Cuando no vemos con nitidez el rumbo por el que nos lleva un camino; si hay “polvo en el viento” de tal manera que el contorno de la calzada no se alcanza a ver del todo; en el caso que ante la pregunta sobre el proyecto que un gobierno tiene sobre algo importante la respuesta no sea precisa, estamos en los linderos de la duda: nos encontramos en el terreno de la incertidumbre. ¿Para dónde vamos? ¿Qué proponen?
Creo que es el caso del proyecto educativo de la administración actual. Luego de 5 meses entre las elecciones y la toma del poder, más 9 a cargo, ya, del poder ejecutivo, no sabemos, a ciencia cierta, cómo se conducirá el complejo proceso educativo que el país requiere si, como se anticipa, una transformación muy profunda está en marcha.
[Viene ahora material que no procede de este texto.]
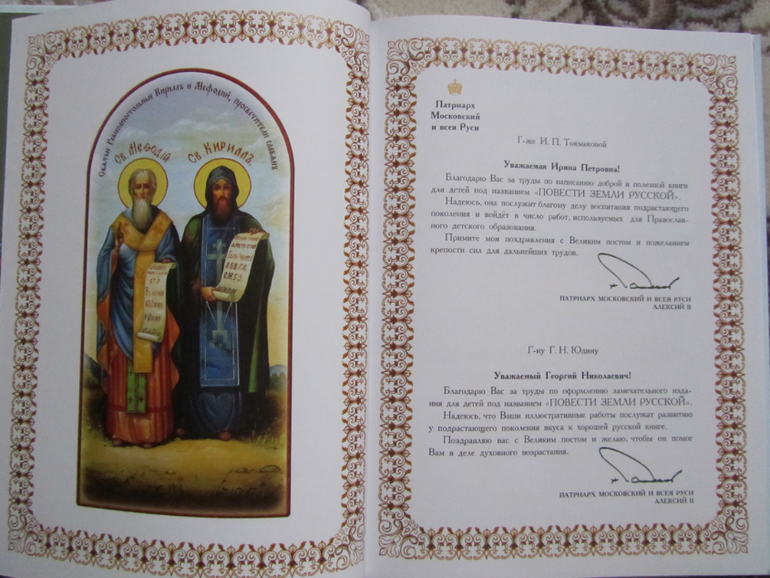 Давно это книга лежала в отложенных, но всё же пока она не пропала из продажи, я решилась на её покупку. А книга хорошая, нужная, правда очень православная ( может для кого-то это важно), одобренная к печати русской православной церковью. Текст Токмаковой мне лично понравился, хороший пересказ летописей и древних русских исторических повестей понятный любому школьнику, даже я не все факты приведённые в книге знала. Например, я не знала, что у нас на Руси есть такой город -призрак, Большой Китеж, скрытый от взора людей для его сохранения, самим Господом( произошло это при набеге Батыя ) и появляется только перед истинно верующими благочестивыми людьми! Иллюстрации Юдина порадовали, хотя не во всех книгах он мне нравится, многие рисунки прям похожи на иконы. В общем отличная книга для детей проявляющих интерес к собственной истории.

Sin duda hay cuestiones claras, que permiten atisbos de una dirección adecuada. Por ejemplo, en la iniciativa para reformar el articulo 3º. de la Constitución, resulta muy positivo —y deriva de la resistencia incesante del magisterio— el abandono de la propuesta errónea que postuló que la evaluación, por sí misma, conduce a la calidad, y que el único factor a modificar, desde arriba, para lograr mejoras en el aprendizaje, residía en las maestras y los profesores de la escuela pública. Optar por la formación, en lugar de la examinación a diestra y siniestra, es un gran acierto. Otros aspectos del texto constitucional son alentadores: entre otros, reconocer la importancia de la educación inicial, y ampliar la cobertura en educación superior asegurando su gratuidad. Es preciso reconocerlo.
Otros rasgos preocupan: ¿por qué el equipo a cargo del sector educativo propuso al presidente una reforma pragmática, sin aprovechar la transición para elaborar una estrategia programática? Una cosa es generar cambios legales orientados a que “pasen” en el congreso, y otra, tomar el riesgo de plasmar, en un proyecto de transformación profunda, el horizonte educativo renovado que entusiasme y permita imaginar —más allá de frases hechas— otro transcurso por las aulas, un ambiente distinto de trabajo en las escuelas y una noción del saber que, incluyendo sus beneficios prácticos, se lanzara a buscar, como eje, el bienestar que deriva del acceso al saber y la cultura. La iniciativa del 12 de diciembre de 2018 no cumplió con estas características, ni con el cuidado en su redacción y contenido.
Hay aspectos que no auguran los avances prometidos: hasta donde se sabe, las leyes secundarias que requiere la nueva Ley General de Educación, no se ajustan a lo propuesto en la Constitución. El organismo para la Mejora Continua de la Educación, diseñado para operar con la suficiente distancia y libertad de las autoridades, parece que estará sometido a un control que lo limita, y no poco. Los procesos de la carrera para las y los maestros, en lugar de ser construidos con profesores y maestras que saben bien lo que se requiere para coordinar procesos de aprendizaje en las aulas, conducir a un equipo docente o a una zona escolar por rumbos fértiles, han sido, al parecer, elaborados con quienes, durante años, han suplantado al magisterio: los líderes sindicales corruptos, asociados con “autoridades” educativas impresentables.
Y otras cosas asustan: hace unos días, el secretario de Educación dijo, en un video, que la educación es universal, pues “en México, todas las voces caben, siempre y cuando tengan una base científica”. Es un error: la noción de educación universal remite a que tengan acceso todos. A lo que se refiere el funcionario es a las características de los conocimientos que se incluyen en los planes y programas de estudio. Yerros así no son triviales: confunden. ¿Para dónde proponen ir? Urge saberlo.